A partir daí, nas demais aparições do “traficante de drogas” em cinco capas do Estadão
durante essa primeira metade do século XX, o jornal materializa discursos específicos sobre o tráfico
de drogas praticado em outros países, sobretudo, nos Estados Unidos (o futuro exportador da guerra
às drogas). Nas capas, é noticiado o seguinte: apreensão de mais de 100 kg de entorpecentes em Nova
Iorque (O ESTADO..., [29/06]1948, p. 1); prisão de “traficantes” nos Estados Unidos que vendiam
“heroína” e “marijuana” para presos em uma Penitenciária (O ESTADO..., [13/01]1952, p. 1); prisão
de um “traficante de entorpecentes” nos Estados Unidos (O ESTADO..., [22/05] 1959, p. 1); prisão
de três mexicanos e três cubanos nos Estados Unidos com os quais foi apreendida maconha em valor
aproximado de cento e oitenta mil dólares (O ESTADO..., [11/11]1959, p. 1); campanha de governo
do Egito que “[...] pretende promulgar uma lei, que pune com a pena de morte os traficantes de drogas
e com a de prisão com trabalhos forçados os viciados.” (O ESTADO..., [25/09]1952, p. 1).
As capas do Estadão e o discurso sobre os “traficantes de drogas” nos Estados Unidos serve
à estratégia do dispositivo midiático da época.

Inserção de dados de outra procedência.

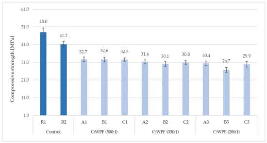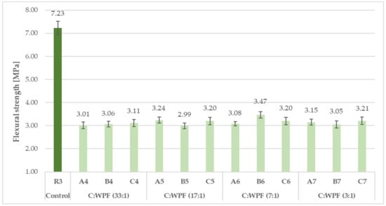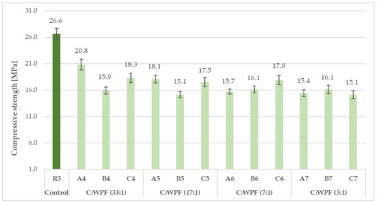 3.1. Effect of C/WPF Ratio on Properties of Fresh Mixtures and Hardened Fiber-Cement Mortars
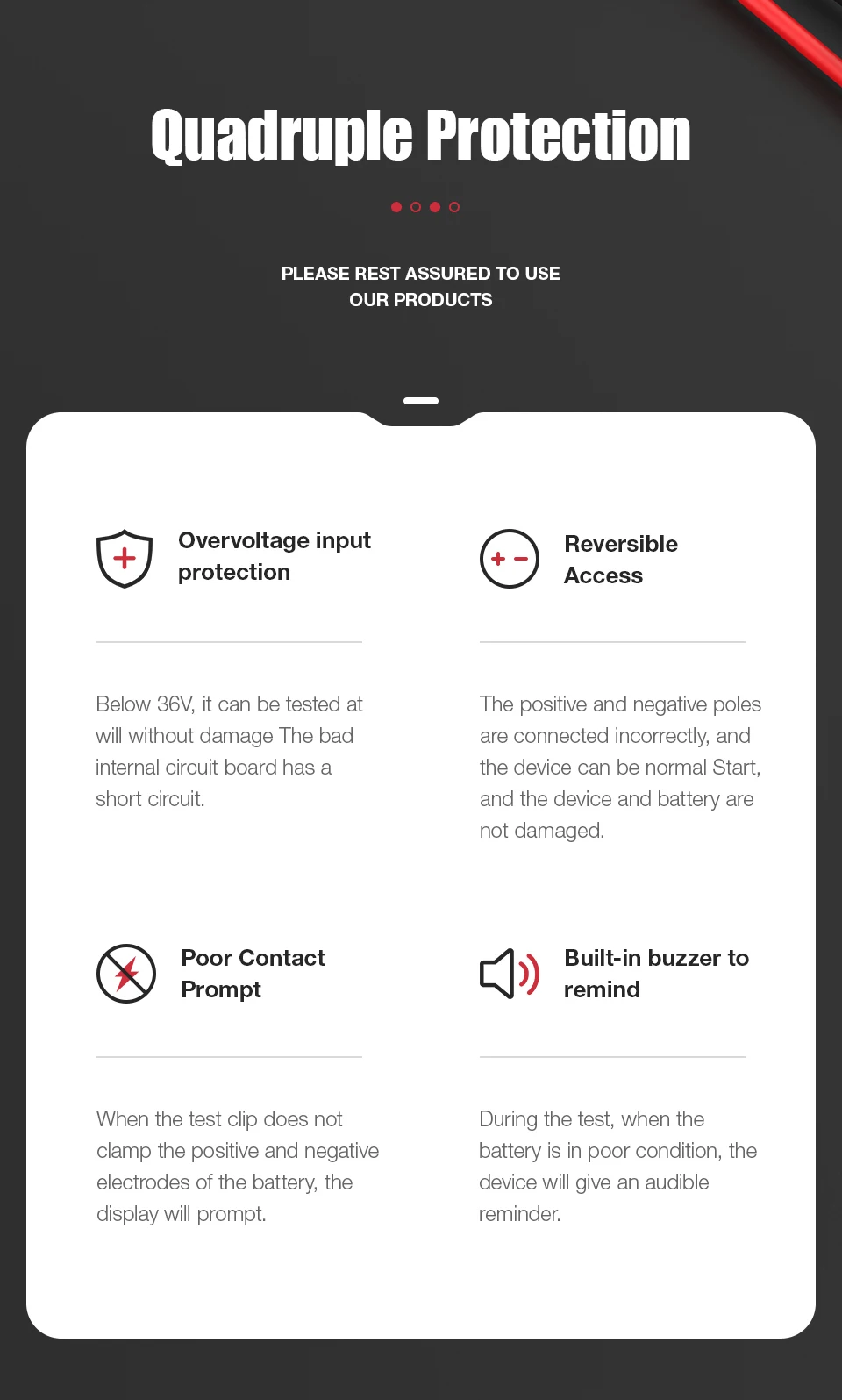 【Защита входного сигнала overvolatge ниже 36 В, он может быть протестирован по желанию без повреждения плохой внутренней монтажной платы имеет короткое замыкание.【Двусторонние аксессуары 】положительные и отрицательные полюсы подключены неправильно, и устройство может быть нормальным запуском, устройство и аккумулятор не повреждены.【Плохой контакт prompt】когда тестовый зажим Не зажимает положительные и отрицательные электроды тестера, дисплей подскажет.【 Встроенный звуковой сигнал, чтобы напомнить во время теста, когда батарея находится в плохом состоянии, устройство даст звуковое напоминание.
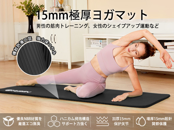YUREN ヨガマット 90cm×190cm 厚さ15mm 黒 AmazonYUREN ヨガマット TPE 10mm 厚め 幅広 90cm x195cm エクササイズ トレーニング マット yoga mat 滑り止め 耐久性 無害 収納バッグ 収納バンド付きYURENマットYUREN ヨガマット。
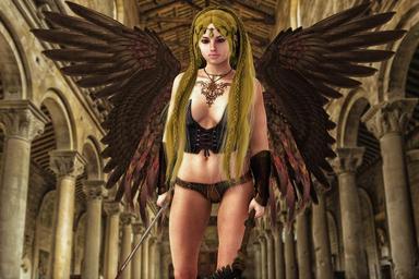 Keywords: fantasy warrior female woman winged warrior dark medieval sword young character epic

No Brasil as drogas não representavam um “ponto
crítico” para a gestão de populações por meio dos dispositivos de segurança, tanto que nessas
primeiras aparições do “traficante de drogas” nas capas do Estadão sequer é possível afirmar a
emergência de um “sujeito-traficante”, tratando-se mais de uma série que relacionava o comércio de
drogas e o crime, geralmente em outros países. Porém, o dispositivo jurídico tomou de empréstimo a
potencialização da criminalização das drogas
96 dos norte-americanos. Essa situação, aliás, foi uma
das possibilidades de deslocamento da prática de criminalização do “tráfico de drogas” no Brasil, de
um “modelo sanitário” para um “modelo bélico”. É no interior desse “modelo bélico” que emerge o
“sujeito-traficante”. Seguindo Nilo Batista (1997), o deslocamento data discursivamente o ano de
1964, e será objeto de análise pelas capas do Estadão na próxima seção.